Return the lines of the data below, from the one containing "LOS GREMIOS ACEPTARON" through the very last, exactly and with both ends included; no pictures.

##### RECORDED DATA #####

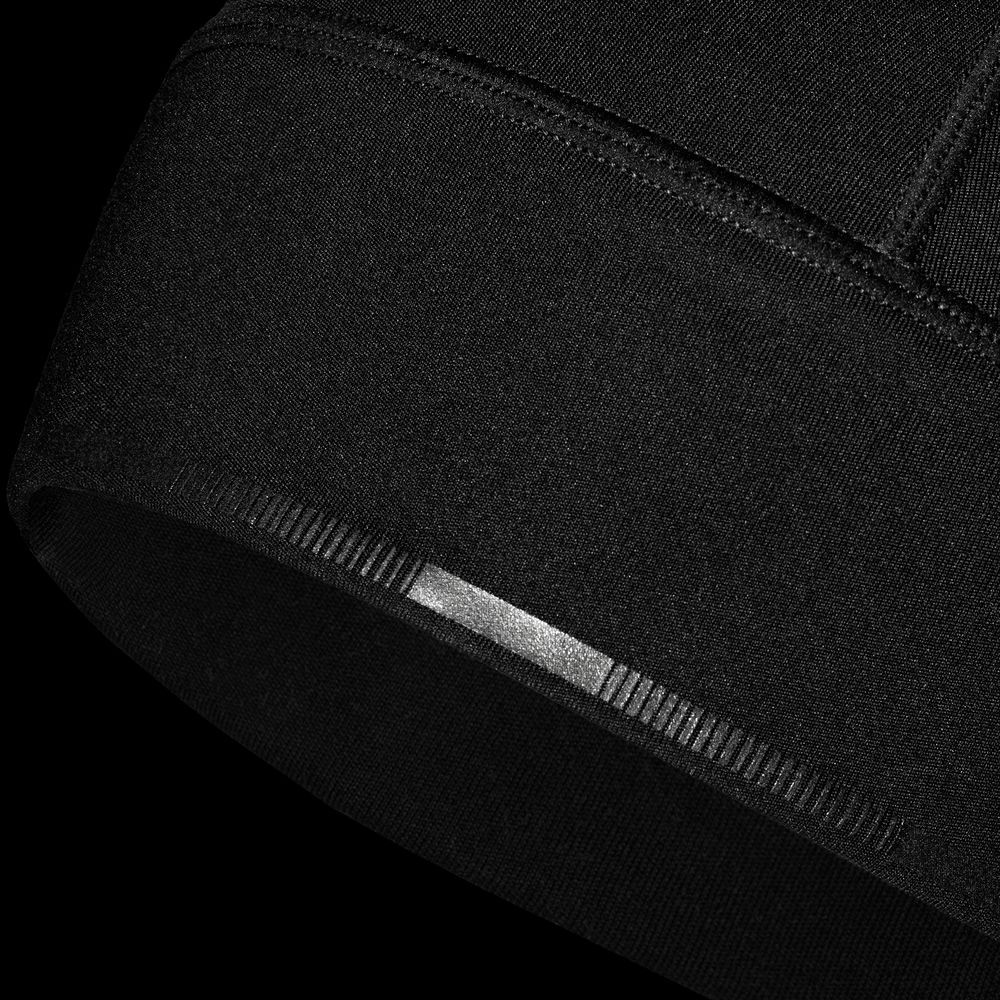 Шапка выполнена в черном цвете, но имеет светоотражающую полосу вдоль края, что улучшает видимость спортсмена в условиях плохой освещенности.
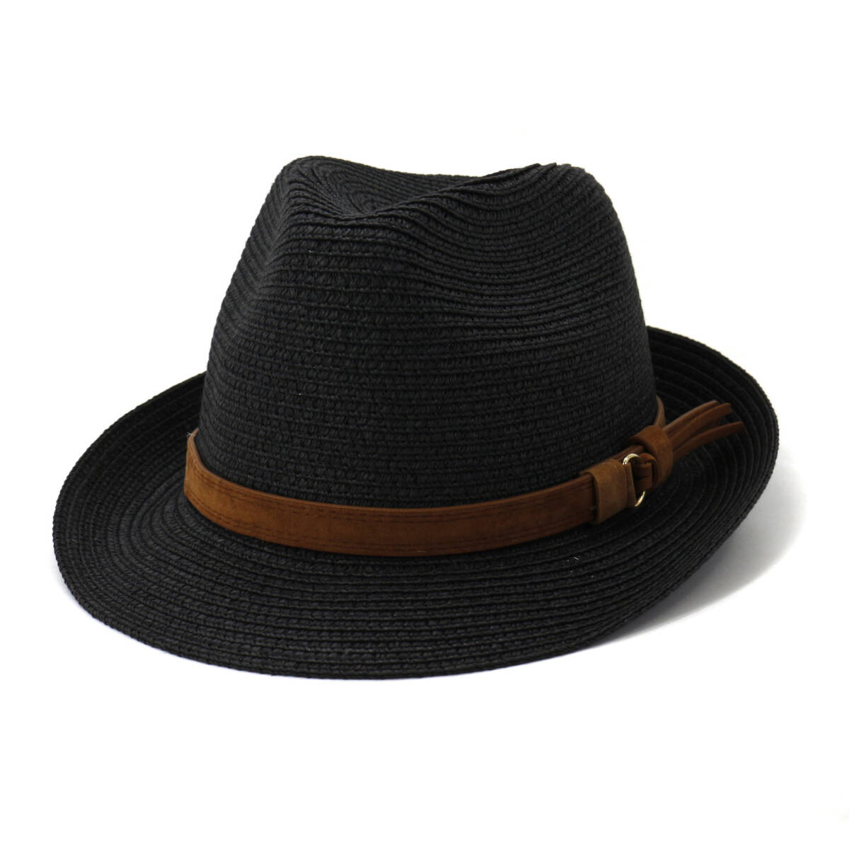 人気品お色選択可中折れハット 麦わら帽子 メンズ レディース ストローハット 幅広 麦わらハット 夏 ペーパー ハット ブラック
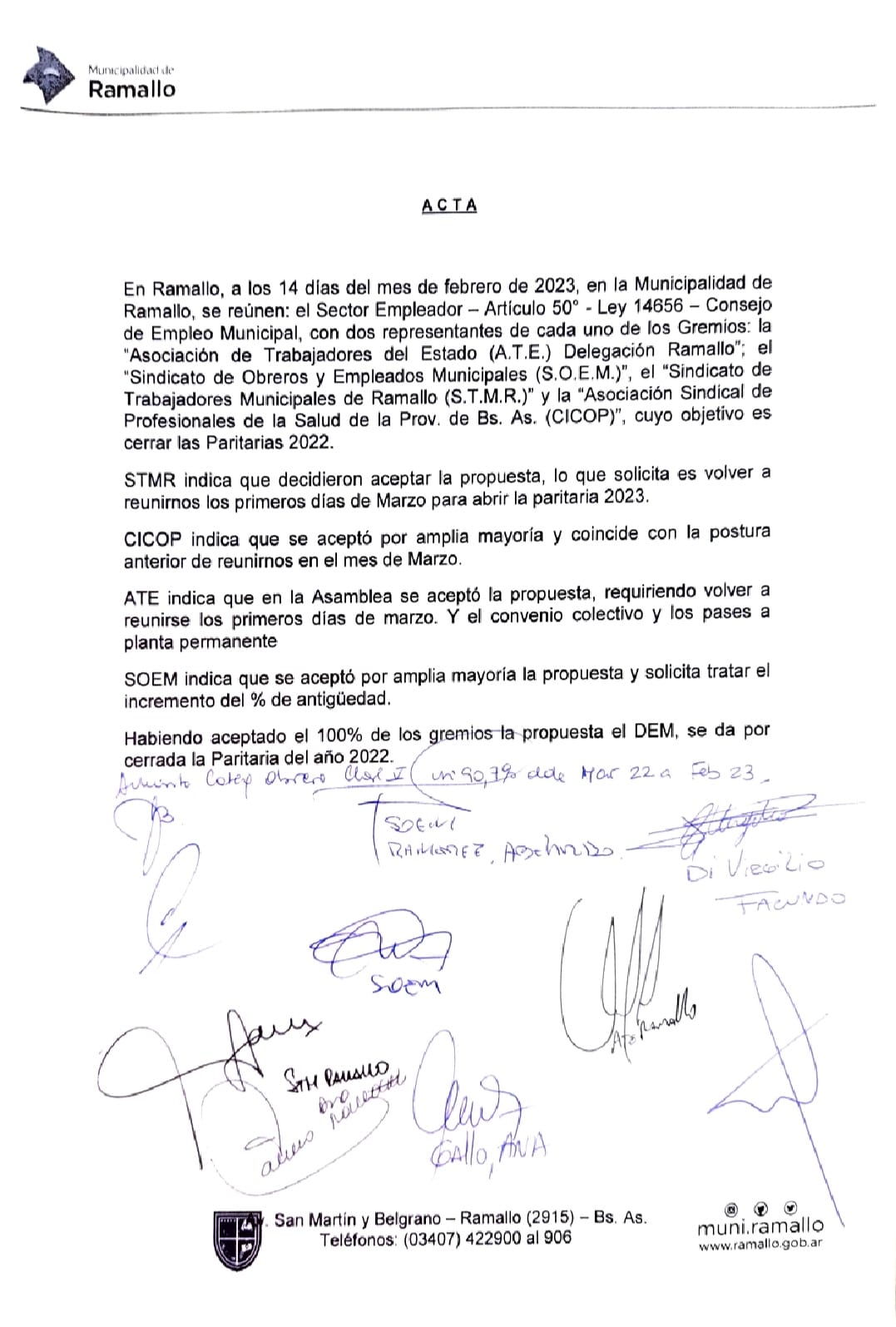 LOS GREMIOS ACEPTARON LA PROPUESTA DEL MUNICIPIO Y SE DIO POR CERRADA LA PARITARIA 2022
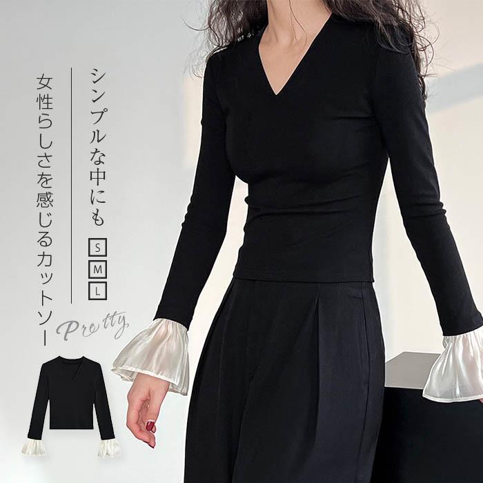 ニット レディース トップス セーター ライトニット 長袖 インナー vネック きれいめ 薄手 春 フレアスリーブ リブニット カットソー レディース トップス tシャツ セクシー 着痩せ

#####

EXERCISE SOLUTION:
 LOS GREMIOS ACEPTARON LA PROPUESTA DEL MUNICIPIO Y SE DIO POR CERRADA LA PARITARIA 2022
 ニット レディース トップス セーター ライトニット 長袖 インナー vネック きれいめ 薄手 春 フレアスリーブ リブニット カットソー レディース トップス tシャツ セクシー 着痩せ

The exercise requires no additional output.